Development builds of ZLUDA requires following dependencies:
- CMake
- Python 3
Additionally the repository has to be cloned with Git submodules initalized. If you cloned the repo without initalizing submodules, do this:
git submodule update --init --recursive
Tests should be executed with --workspace
option to test non-default targets:
cargo test --workspace
When running an application with ZLUDA quite often you will run into subtle bugs or incompatibilities in the generated GPU code. The best way to debug an application's GPU CUDA code is to use ZLUDA dumper.
Library zluda_dump
can be injected into a CUDA application and produce a trace which, for every launched GPU function contains:
- PTX source
- Launch arguments (block size, grid size, shared memory size)
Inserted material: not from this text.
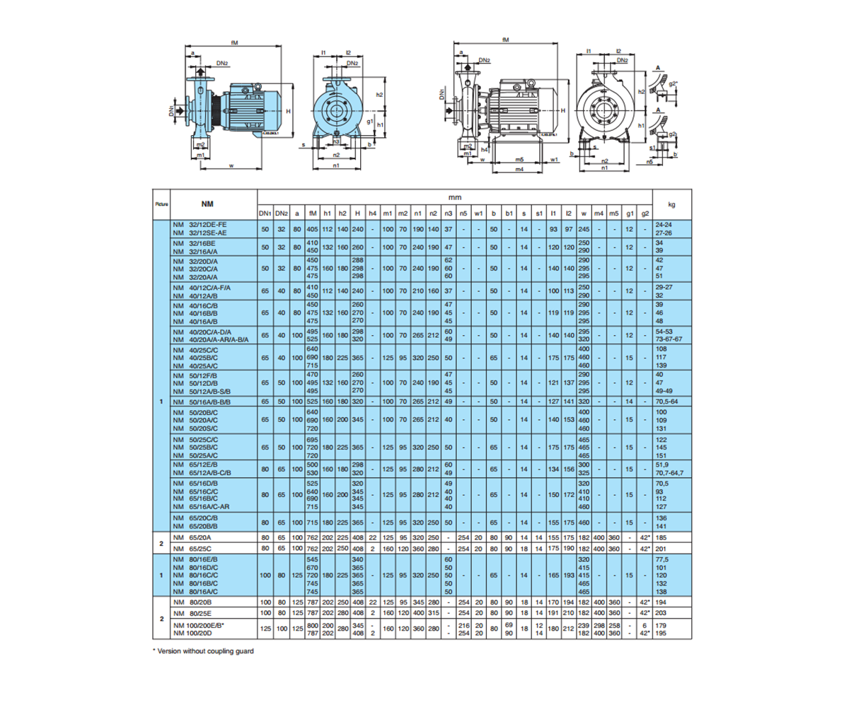 Calpeda NM 50/20A/B წარმოადგენს ფლანციანი შეერთების, ჰორიზონტალურ, მონობლოკ ტიპის end suction ცენტრიდანულ ტუმბოს,

- Dump of function arguments. Both after and before
Example use with GeekBench:
set ZLUDA_DUMP_KERNEL=knn_match
set ZLUDA_DUMP_DIR=C:\temp\zluda_dump
"<ZLUDA_PATH>\zluda_with.exe" "<ZLUDA_PATH>\zluda_dump.dll" -- "geekbench_x86_64.exe" --compute CUDA
The example above, for every execution of GPU function knn_match
, will save its details into the directory C:\temp\zluda_dump
This dump can be replayed with replay.py
script from zluda_dump
source directory. Use it like this:
python replay.py "C:\temp\zluda_dump\geekbench_x86_64.exe"
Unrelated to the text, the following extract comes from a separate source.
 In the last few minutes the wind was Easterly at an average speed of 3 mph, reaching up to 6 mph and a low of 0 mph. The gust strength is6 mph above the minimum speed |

You must copy (or symlink) ZLUDA nvcuda.dll
into PyCUDA directory, so it will run using ZLUDA. Example output:
Intel(R) Graphics [0x3e92] [github.com/vosen/ZLUDA]
C:\temp\zluda_dump\geekbench_x86_64.exe\4140_scale_pyramid
C:\temp\zluda_dump\geekbench_x86_64.exe\4345_convolve_1d_vertical_grayscale
Skipping, launch block size (512) bigger than maximum block size (256)
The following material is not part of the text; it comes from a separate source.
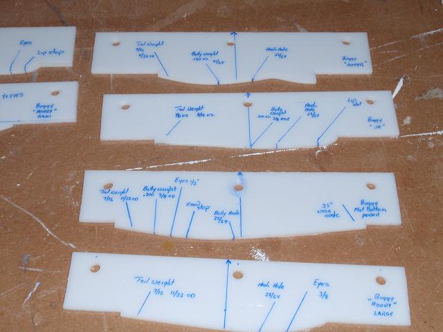 2. place lure between centers centered. Replace the pin the follows your template with a pencil or marker. Slide in lexan, done template made.

C:\temp\zluda_dump\geekbench_x86_64.exe\4480_scale_pyramid
6:
Arrays are not equal
Mismatched elements: 1200 / 19989588 (0.006%)
Max absolute difference: 255
Max relative difference: 255.
x: array([ 7, 6, 8, ..., 193, 195, 193], dtype=uint8)
y: array([ 7, 6, 8, ..., 193, 195, 193], dtype=uint8)
From this output one can observe that in kernel launch 4480, 6th argument to function scale_pyramid
differs between what was executed on an NVIDIA GPU using CUDA and Intel GPU using ZLUDA.
Important: It's impossible to infer what was the type (and semantics) of argument passed to a GPU function. At our level it's a buffer of bytes and by default replay.py
simply checks if two buffers are byte-equal. That means you will have a ton of false negatives when running replay.py
. You should override them for your particular case in replay.py
- it already contains some overrides for GeekBench kernels